▶ _Exercise goal_
A faithful copy is needed of the lines below from the one with "Figur 6: fra folkemøtet." up to and including the one with "Illustration 1 Pause"; set it down with no pictures and no other lines.

▶ _Data records_
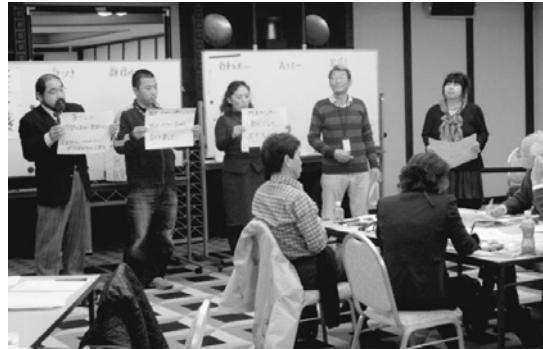
ファシリテーター養成講座 (12月)
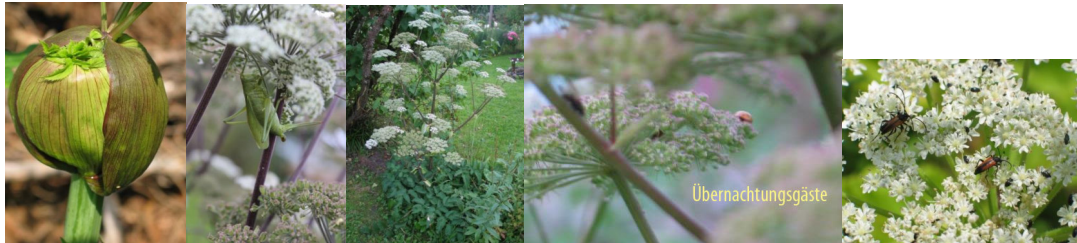
Angelika - von der Blattgeburt bis zu den Dauer-Übernachtungsgästen - ist das letzte Foto auch eine?
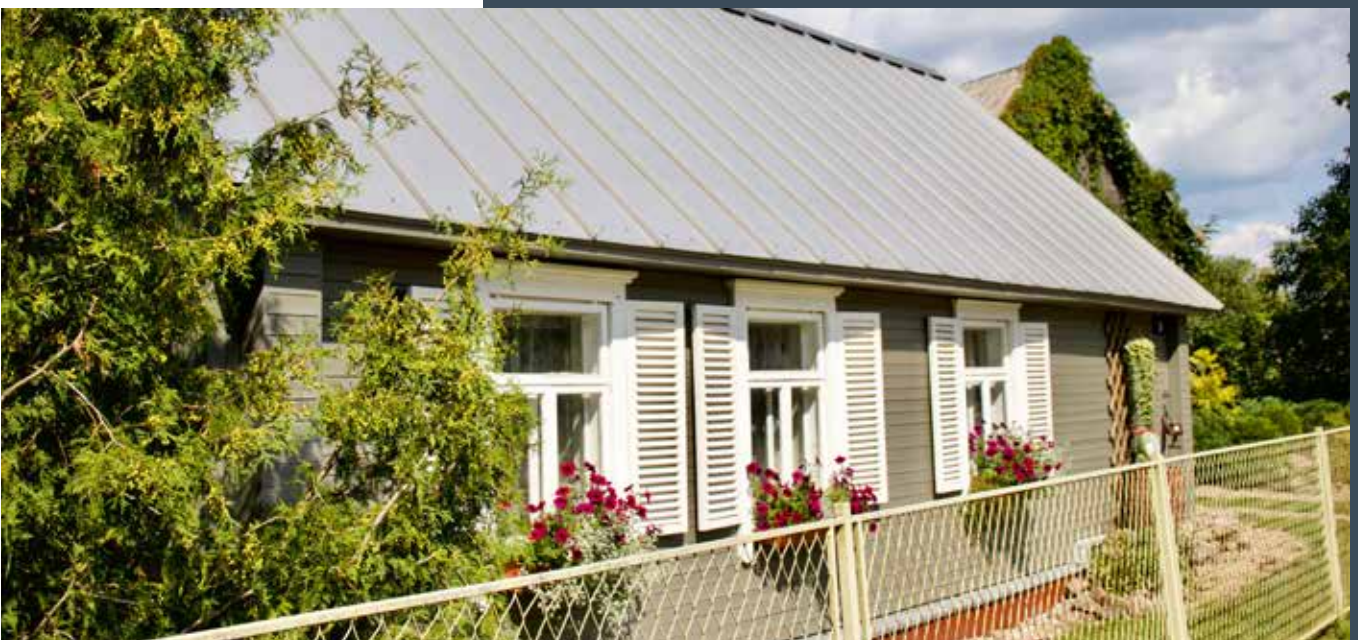
SUBATE Smilšu iela 9
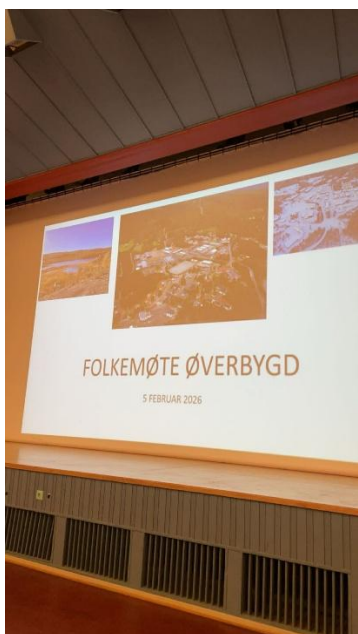
Figur 6: fra folkemøtet.
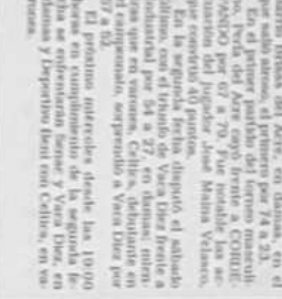
Un momento del torneo de básquetbol en Coblia.

El torneo de básquetbol se inició en Coblia. El primer partido se disputó entre Coblia y su rival, con un marcador de 80-70 a favor de Coblia.
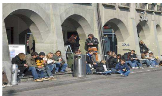
Illustration 1 Pause de midi de février, WP (JL 02. 2008)

Les cas particuliers de deux espaces publics très fréquentés à midi sont à l'origine de cette recherche. Le constat initial d'un rassemblement de foule urbaine dans certains espaces publics à midi soulève l'interrogation suivante: pourquoi certains espaces sont-ils fréquentés plus que d'autres? Quels facteurs, liés au cadre matériel, à l'aménagement spatial ou aux composantes sociales expliquent l'adéquation de ces espaces aux modes de vie contemporains et plus particulièrement aux pratiques de séjour? La question des agencements des espaces publics sera traitée relativement aux pratiques de séjour spécifique aux temps de pause de midi.

▶ _Solution below_
Figur 6: fra folkemøtet.
Un momento del torneo de básquetbol en Coblia.

El torneo de básquetbol se inició en Coblia. El primer partido se disputó entre Coblia y su rival, con un marcador de 80-70 a favor de Coblia.
Illustration 1 Pause de midi de février, WP (JL 02. 2008)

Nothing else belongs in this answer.